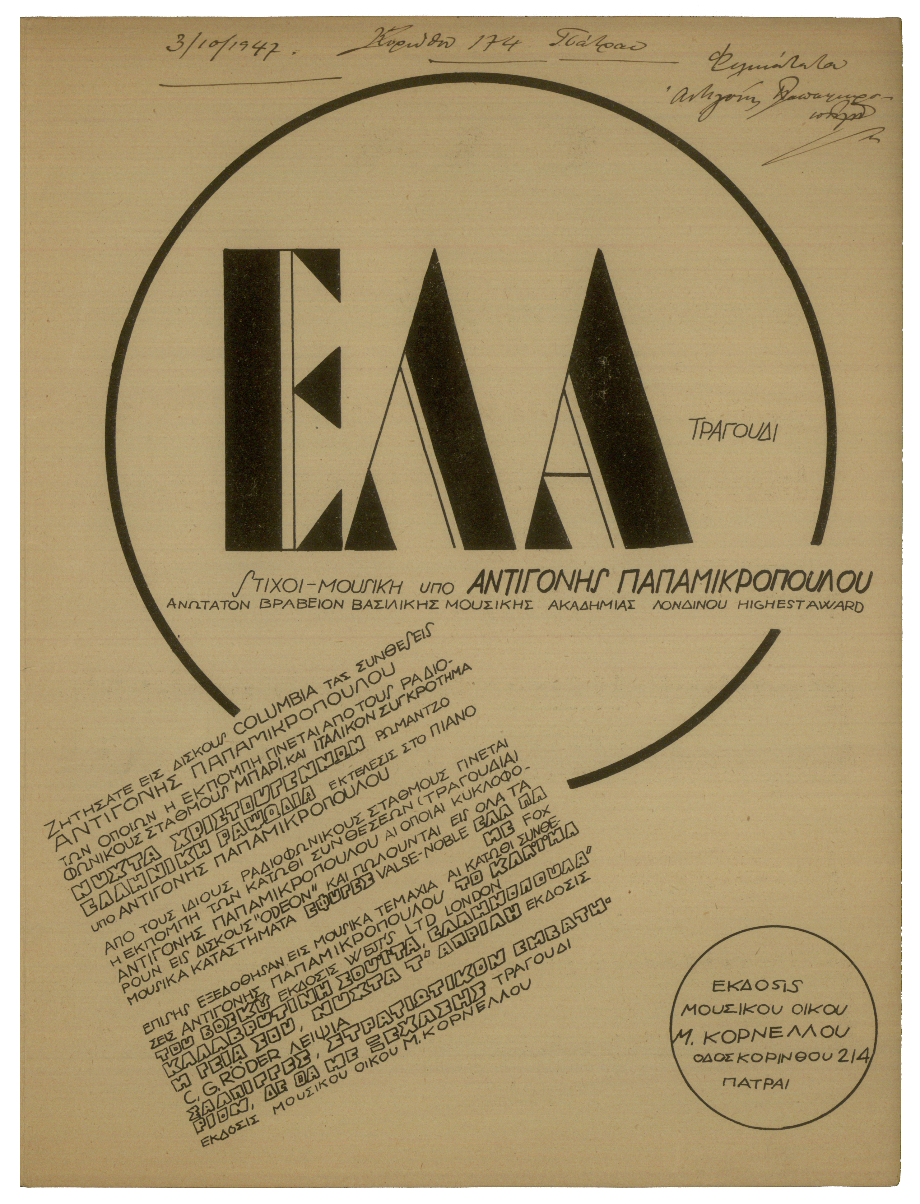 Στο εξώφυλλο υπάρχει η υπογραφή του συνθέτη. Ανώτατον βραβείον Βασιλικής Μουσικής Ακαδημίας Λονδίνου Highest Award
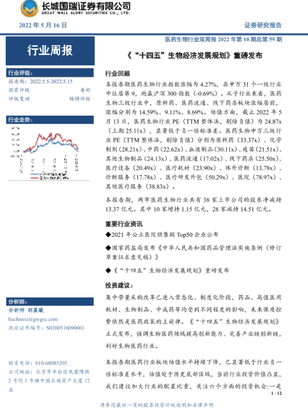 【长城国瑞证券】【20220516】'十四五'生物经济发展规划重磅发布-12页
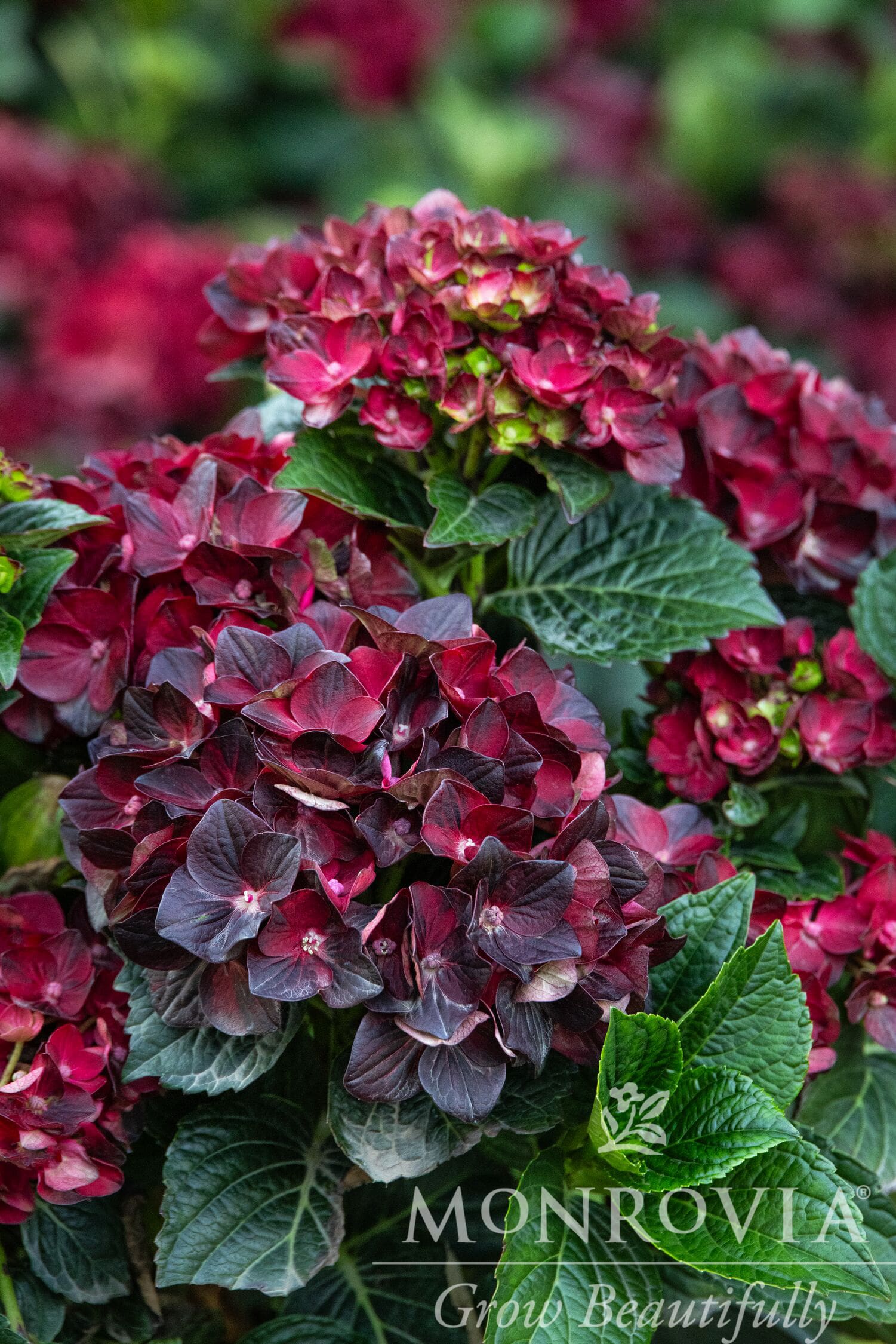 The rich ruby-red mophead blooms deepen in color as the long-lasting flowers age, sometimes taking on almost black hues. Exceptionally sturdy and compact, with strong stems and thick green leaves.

_____

» About this exercise
Retype the data shown above exactly, excluding any picture it contains.

» Response
 Στο εξώφυλλο υπάρχει η υπογραφή του συνθέτη. Ανώτατον βραβείον Βασιλικής Μουσικής Ακαδημίας Λονδίνου Highest Award
 【长城国瑞证券】【20220516】'十四五'生物经济发展规划重磅发布-12页
 The rich ruby-red mophead blooms deepen in color as the long-lasting flowers age, sometimes taking on almost black hues. Exceptionally sturdy and compact, with strong stems and thick green leaves.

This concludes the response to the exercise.